Sunday, March 4, 2012

Visual Step by Step Hamentaschen for Purim

Ever wonder how they get those delicious fillings into the sweet pastry dough? well look no further because below is a step by step slideshow on how to assemble these tasty triangle treats as well as written step by step instructions and recipe below. enjoy!


Healthy Hamentaschen
Dietary Considerations/ Can be made to be; Dairy Free, Gluten Free, Nut Free, Whole Wheat, Low Fat

Makes 2 dozen cookies

Click here for a recipe for Lemon Poppy Seed Hamentaschen.

Ingredients

2 cups whole wheat flour (substitute Bob's Mill Gluten free flour mix for gluten free Hamantaschen)
2 teaspoons baking powder
1/2 teaspoon salt
1/2 cup earth balance (or butter if health and or a bikini is of no concern :D)
1 cup sugar
1 large egg
2 teaspoons packed finely grated fresh orange or lemon zest
1 tablespoon fresh orange juice
fillings of your choice (in this post I used my lemon curd recipe and also a mix of chocolate and caramel)

Directions/
Into a bowl sift together flour, baking powder, and salt. In another bowl with an electric mixer beat earth balance, sugar, and egg at medium speed until light and fluffy. Add zest and juice and beat until incorporated. Add flour mixture, stirring, until a smooth dough is formed. Gather dough into a ball and flatten into a disk. Chill dough, wrapped in plastic wrap, at least 3 hours and up to 2 days.

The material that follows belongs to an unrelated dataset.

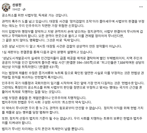 그러면서 이는 "정치권력이, 사법부 판결마저 무시하며 겁박하고 무력화하려는 것으로 모든 권력이 한 곳으로 쏠리고 이를 견제할 정의마저 무너진다면, 그 끝은 바로 ‘독재’"라고 성토했다.
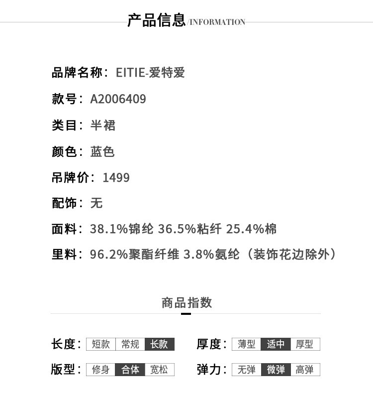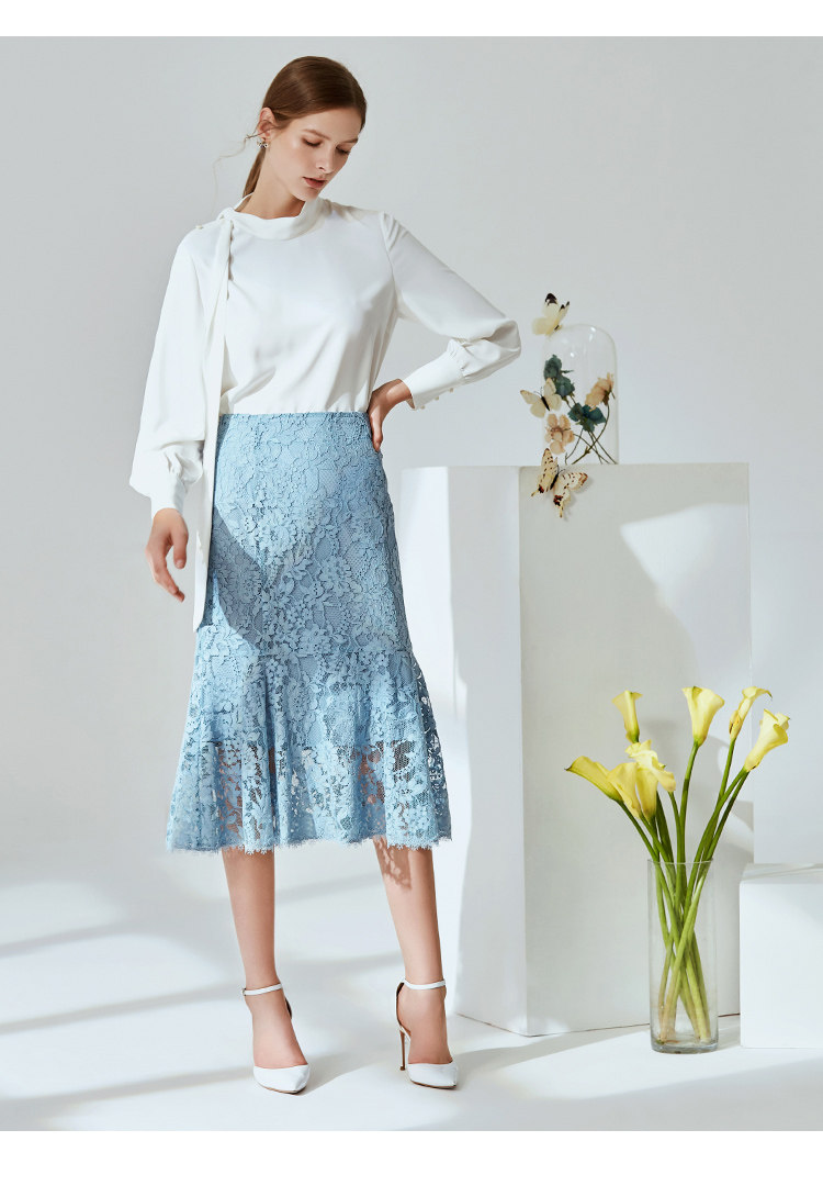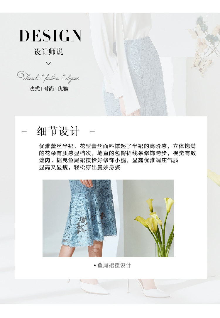 EITIE爱特爱春季新款通勤时尚纯色包臀鱼尾蕾丝钩花半身裙女A2006409

Preheat oven to 375° F. Halve dough. On a lightly floured surface roll out half of dough (keeping other half wrapped and chilled) 1/4 inch thick. With a 3-inch cutter cut out as many rounds as possible. Transfer rounds with a metal spatula to a large baking sheet, arranging about 1/2 inch apart. Re-roll scraps and cut out more rounds. Put 1 teaspoon filling in center of each round and fold up edges to form triangular cookies resembling a tricornered hat, pinching corners together and leaving filling exposed. (Pinch dough tightly enough so seams are no longer visible and sides are taut enough to prevent cookies from leaking filling as they bake.)

Bake hamantaschen in middle of oven 20 minutes, or until pale golden. Cool hamantaschen on baking sheet 5 minutes and transfer to racks to cool completely. Make more hamantaschen with remaining dough and filling in same manner. Hamantaschen keep in an airtight container at room temperature 5 days. ENJOY!